Indian Rupee slumped to a new all time low, against the US dollar, as capital flow continued across all Asian developing markets. The Indian rupee fell to an all-time low of 64.15 versus the US dollar during morning trade on Tuesday.
Not only in India, but from South Africa to Indonesia all the developing markets started sliding downhill. Even though Indian exports are record high compared to imports, the cause of the rupee slide is baffling economists. Primarily fear is what driving the markets, as sovereign rating downgrade looms, in India’s worst economic crisis since 1991. There are vital differences between the 1991 crisis and now, as in 1991, there was an external payments crisis when we had less than two weeks’ imports worth of foreign exchange reserves. This time we have $278 billion in reserves, enough for seven months’ imports.

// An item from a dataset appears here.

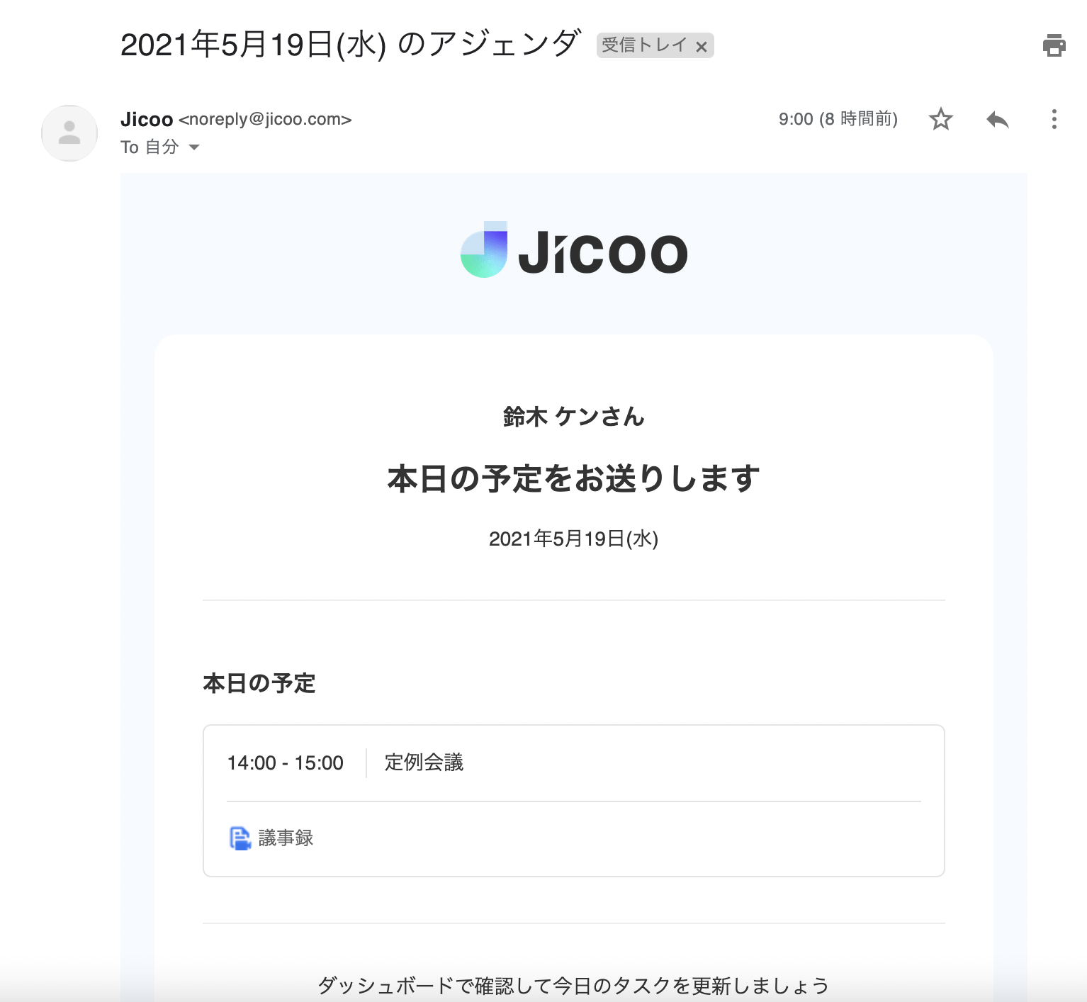 Jicooのダッシュボードで表示をしている本日の予定がメール配信可能になりました。

However, the markets have lost faith in the current UPA government, and stalled reforms, problems with FDI, and land acquisition for industries are seen to be the driving factor behind the massive slump in rupee, and declining growth.
On the other hand, India is not the only country facing this snowballing catastrophe. All major Asian economies, and also Brazil and South Africa are facing similar ongoing crisis, with bank debts in China rising, and Indonesian and Malaysian growth stalling. Brazil is having a cash crunch, and South Africa is in a free fall.
“The eye of the storm is directly above emerging markets now, two years after it hovered over Europe and four years after it hit US,” Stephen Jen, co-founder of hedge fund SLJ Macro Partners, London, was quoted as saying. “This could be serious for Asia.”